Sabtu - 2 Juni 2007 Anakku berumur 1 tahun

        Alhamdulillah, besok (sebentar lagi), 2 juni 2007,  genap 1 tahun umur Anak kami yang pertama. Bukanlah perayaan yang terpenting bagi kami. Melainkan makna satu tahun umur dia yang jauh lebih penting. Bagi kami hari-hari adalah sama saja, namun pemaknaan tempo waktu sendiri itulah yang penting. Dalam hal ini dalam rentang satu tahun hal apakah yang telah kami lakukan.

        Kembali bercerita tentang anak kami, Ia terlahir dengan berat badan 3.3 kg / panjang badan 49 cm. Kemudian kami beri nama Fatih Abdurrahman Rahmat. Fatih bermakna pembuka, pemenang. Abdurrahman bermakna hamba dari Allah yang Rahman (maha pengasih) - diambil dari hadits Rasulullah: "Sebaik-baik nama adalah Abdullah dan Abdurrahman". Rahmat diambil dari namaku (sebenarnya namaku Rakhmat adalah salah ketik sekretaris desa waktu itu. Hingga aku berumur 12 tahun, orangtuaku baru sadar setelah buka akta ternyata bernama Rakhmat bukan Rahmat). Ya… anak pertama kami merupakan suatu Rahmat dan anugerah bagi kami. Betapa tidak, kami mempunyai anak tidak lama setelah menikah dan berkelamin laki-laki sesuai harapan kami. Kami sangat bersyukur dengan Anugerah ini.

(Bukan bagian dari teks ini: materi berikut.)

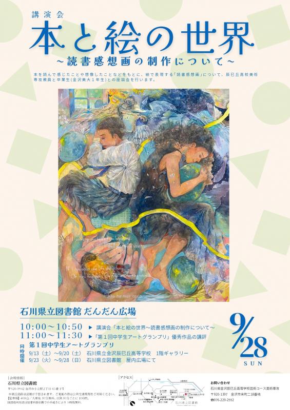 中学生アートグランプリの優秀作品5点(グランプリ2点、準グランプリ3点)の講評を、9月28日(日)11:00より、石川県立図書館で行います。また、これに先立って、10:00からは本校の美術教員が、「本と絵の世界」と題して、読書感想画についての講演を行います。詳しくは 中学生アートグランプリ優秀作品講評&講演会「本と絵の世界」.pdf をご覧ください。

        Setiap insan mempunyai kisah yang bisa diambil hikmahnya, demikian pula dengan kisah kelahiran anak kami. Saat hamil, istri belum selesai mengambil co-as di kedokteran, sementara aku harus bekerja di perusahaan Migas BUMN di Prabumulih Sumatera Selatan, 90 KM / 2 jam dari Palembang. Jadi di awal kehamilan kami harus berpisah. Saat kandungan awal bulan pertama pun sempat terjadi pendarahan, alhamdulillah bisa diatasi. Saat kandungan berumur 3 bulan barulah kami bersama. Namun itu pun tidak berlangsung terus menerus. Saat kandungan 6 bulan, istri sempat pulang ke Jogja sendiri (jadi Prabumulih - Jogja pp), padahal membutuhkan waktu setidaknya 8 jam perjalanan darat dan udara. Hal itu terpaksa kami lakukan karena ada urusan mendadak dan aku harus ke lokasi pemboran yang lumayan jauh jaraknya, dan kami harus berpisah setidaknya 2 minggu.

        Saat usia kehamilan 8 bulan (tepatnya 33 minggu), aku antar istriku kembali ke Jogja. Nekad memang untuk naik pesawat dan perjalanan jauh di usia kandungan lewat 7 bulan. Hal ini kami lakukan karena istri ingin sekali melahirkan di Jogja, selain dekat dengan orang tua, juga karena di Jogja kami bisa dilayani dokter kandungan wanita. Hal ini lebih syar'ie (sesuai agama) bagi kami. Dan…. Kami berpisah lagi…. Aku harus kembali kerja ke Prabumulih.

        Tujuh minggu pun berlalu, HPL (Hari Perkiraan Lahir) anak kami adalah hari Sabtu, 28 Mei 2006. tapi entah mengapa aku yakin bahwa lahirnya akan mundur. Namun untuk mengantisipasi hal-hal yang tidak diinginkan, aku berani berangkat ke Jogja hari rabu walaupun sempat dimarahi bos karena pulang lebih awal. Waktu itu, jumat adalah hari libur sehingga susah untuk mencari tiket untuk hari kamis. Hari kamisnya ambil cuti sehari. Waktu itu aku nekad saja, tidak apa-apa dimarahi bos, karena aku merasa harus pulang hari Rabu. Ternyata firasat aku benar. Hari kamis dan jumat beberapa penerbangan pesawat jakarta-jogja diundur, dialihkan ke solo, bahkan ada yang dibatalkan karena ada hujan debu merapi.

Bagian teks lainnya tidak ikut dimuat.